Alors que l’impasse budgétaire au Congrès américain entre dans sa troisième semaine, les marchés prédictifs indiquent une confiance croissante dans une fermeture prolongée du gouvernement fédéral. Des centaines de milliers d’employés fédéraux restent sans solde, dans l’attente d’un dénouement politique qui tarde à se concrétiser.
Sur les plateformes de prédiction en ligne Kalshi et Polymarket, les traders misent sur la persistance de cette paralysie. Chez Kalshi, environ 65 % des parieurs estiment que la fermeture durera jusqu’à la fin du mois d’octobre, avec une probabilité de 52 % qu’elle s’étende au-delà de 36 jours. Une part non négligeable de 44 % anticipe même une interruption de plus de 40 jours. Le volume total des transactions sur ce marché dépasse les 8,1 millions de dollars, témoignant de l’ampleur des spéculations.
Polymarket affiche des prévisions similaires, voire plus pessimistes. L’intégralité des traders sur cette plateforme s’attendent à ce que la fermeture se prolonge au moins jusqu’au 15 octobre, avec plus de 2,6 millions de dollars engagés. Pour les échéances allant jusqu’au 15 novembre, le scénario le plus fréquemment parié, représentant 26 % des mises, est une résolution le 16 novembre.

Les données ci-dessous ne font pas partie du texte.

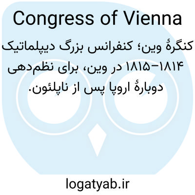 📌 کنفرانسی بینالمللی (۱۸۱۴-۱۸۱۵) که پس از تبعید ناپلئون به البا در وین برگزار شد و مترنیخ چهرهٔ مسلط آن بود، با هدف اسکان مجدد سرزمینها و بازگرداندن قدرت به سران تاجدار اروپا.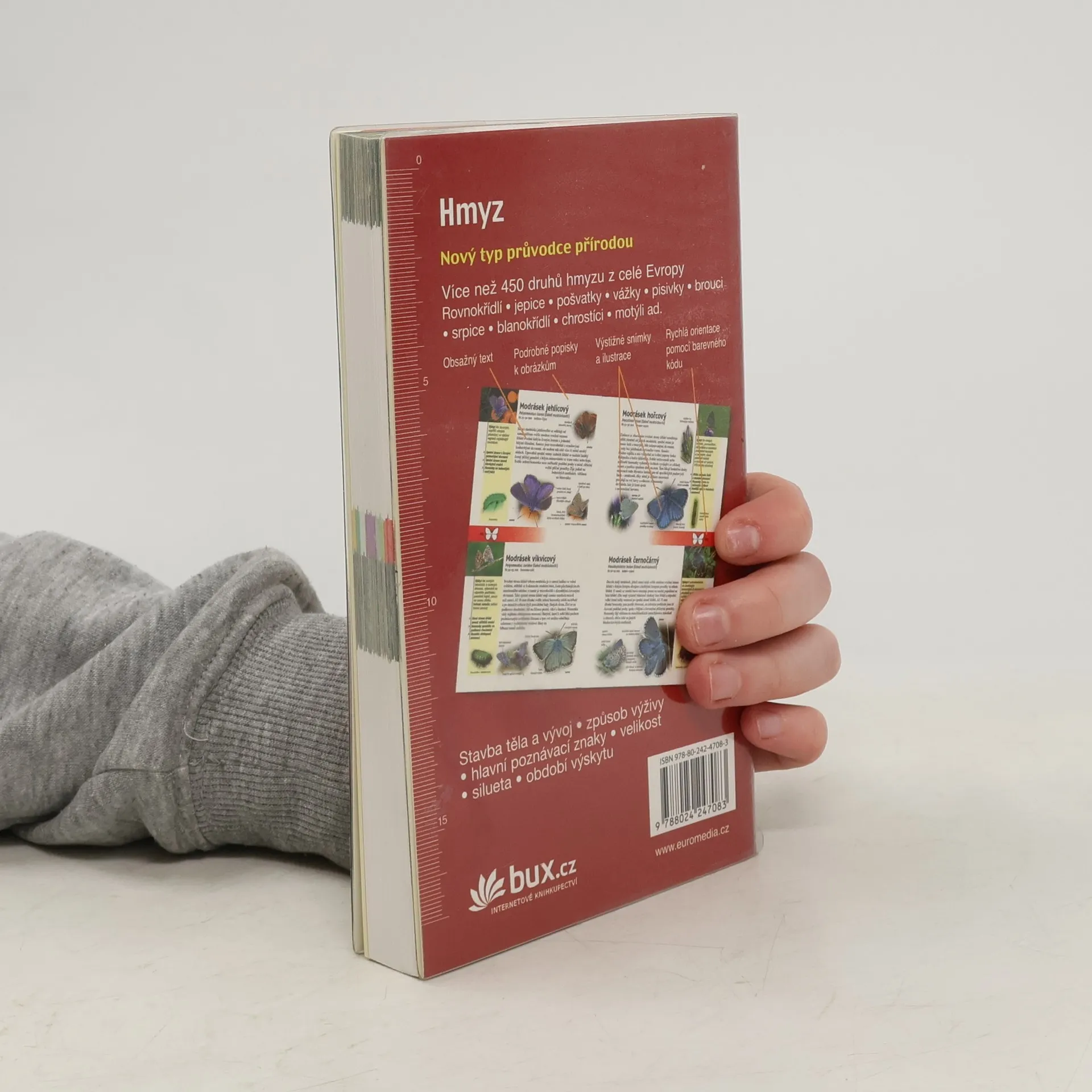 Výpravná publikace obsahuje přes 450 druhů hmyzu z celé Evropy. Výstižné barevné fotografie, přehledné popisky a podrobné texty podávají mnoho zajímavostí a přibližují hlavní poznávací znaky jednotlivých druhů, stavbu těla a vývoj, způsob výživy, velikost a období výskytu a mnoho dalšího.
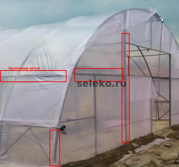 - Крепление дополнительной плёнки внутри теплиц, крепление 2–х плёнок.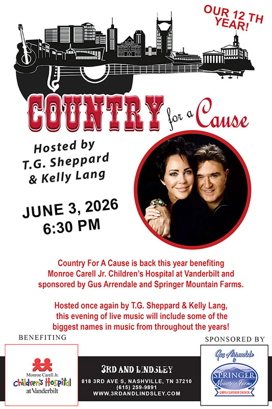 NASHVILLE, Tenn. (March 13, 2026) – Darin & Brooke Aldridge, John Berry, Allie Colleen, Linda Davis, Hannah Dasher, Ty Herndon, Jake Hoot, Dani-elle Kleha, The Kody Norris Show, The Malpass Brothers, Neal McCoy, Makenzie Phipps, Mark Wills, and more will join hosts, T.G. Sheppard and Kelly Lang along with Devon O’Day for the 12th Annual Country For A Cause at Nashville’s 3rd & Lindsley, Wednesday, June 3 at 6:30 PM benefitting Monroe Carell Jr. Children’s Hospital at Vanderbilt. The show is presented by Gus Arrendale and Springer Mountain Farms. Tickets are on sale now and are $55 for general admission, with a VERY limited number of VIP tables available.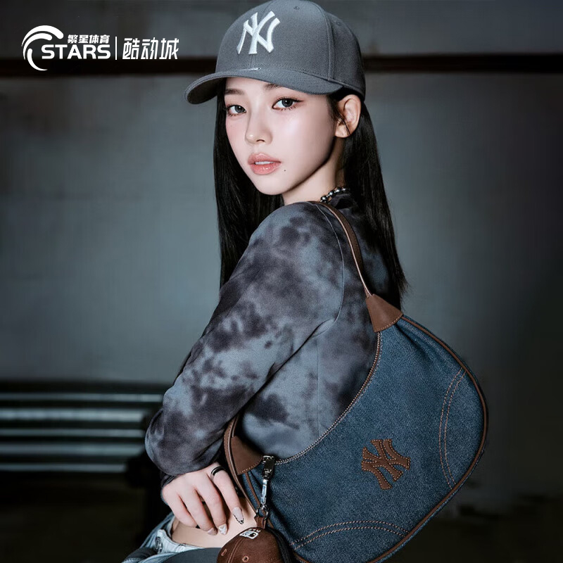 MLB美职棒包包牛仔老花包女士挎包运动休闲腋下包复古通勤单肩包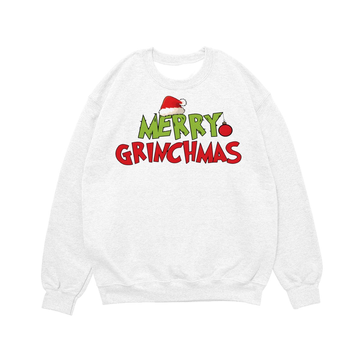 Merry Grinchmas Sweatshirt, Funny Christmas Crewneck, Holiday Grinch Shirt, Santa Hat Pullover, Xmas Sweater, Cozy Winter Gift for Her & Him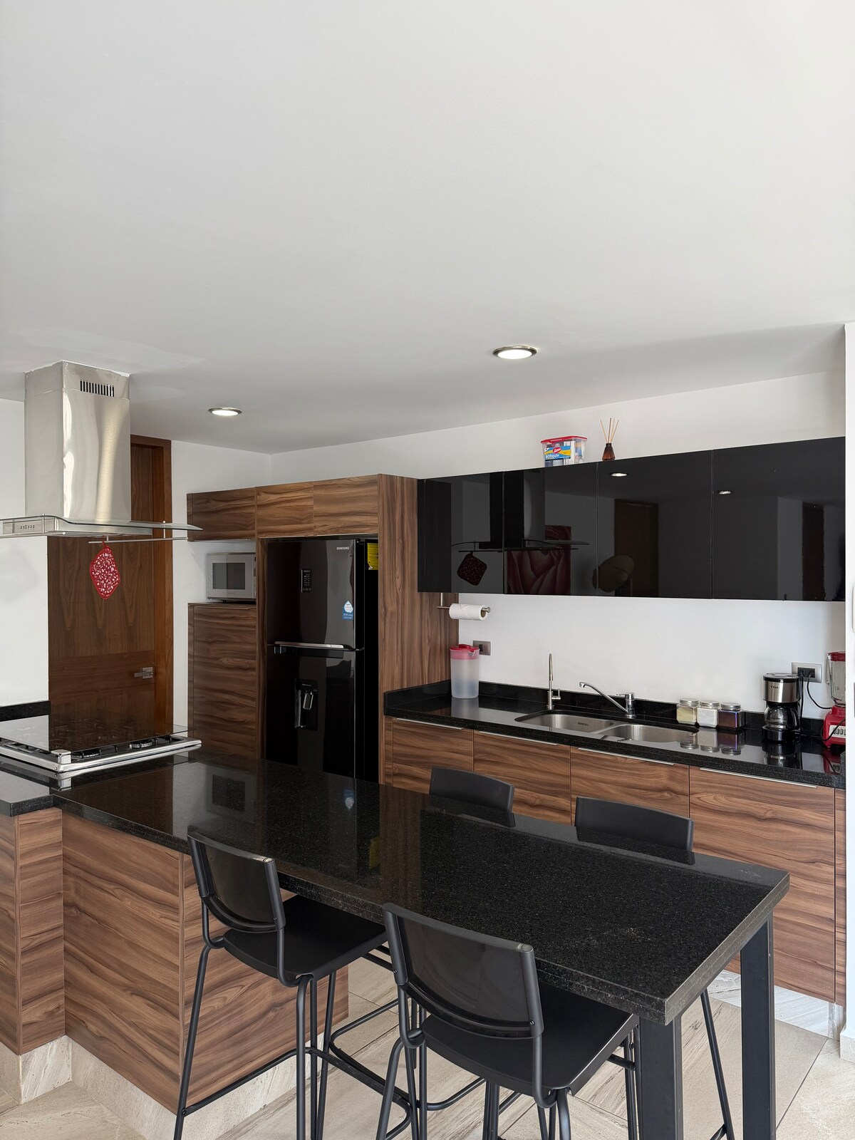 New and fully equipped apartment next to Lomas de Angelópolis and 8 minutes from the Paseo Destino Terminal, close to the most important universities in Puebla as well as shopping centers and restaurants, it has an integrated kitchen, refrigerator, microwave, coffee maker, utensils, kitchen bar with benches, 58" smart TV screen (Netflix, Prime video, Disney) high speed internet connection (60 Mbps) the apartment is located within a private complex with 24hr security.

Ces analyses des marchés prédictifs, bien que reflétant les attentes des traders et non une prévision certaine, soulignent l’absence de signes tangibles d’un accord prochain entre les partis. La situation a débuté le 7 octobre à 00h01, heure de l’Est, entraînant la mise au chômage technique des employés fédéraux occupant des postes non essentiels.
L’élu républicain Andy Barr, interrogé dans l’émission « Mornings with Maria », a vivement critiqué les Démocrates, les accusant d’alimenter cette fermeture pour satisfaire l’aile gauche de leur parti. Il a par ailleurs salué les tarifs douaniers imposés par le président Donald Trump à la Chine, tout en alertant sur les conséquences négatives de ces politiques pour les travailleurs et l’économie américains.
Ces arrêts de service sont généralement temporaires. Une fois qu’un accord est trouvé au Congrès, les fonctionnaires sont réintégrés et reçoivent une compensation rétroactive. Cependant, la Maison Blanche a récemment annoncé avoir initié des réductions d’effectifs significatives. Un responsable du Bureau de la gestion et du budget, s’exprimant sous anonymat, a qualifié ces licenciements de « substantiels ».
Depuis 1976, le gouvernement fédéral américain a connu 20 fermetures. La plus longue de l’histoire s’est produite durant le premier mandat du président Trump, une paralysie de 34 jours entre décembre 2018 et janvier 2019, déclenchée par un désaccord sur le financement du mur frontalier.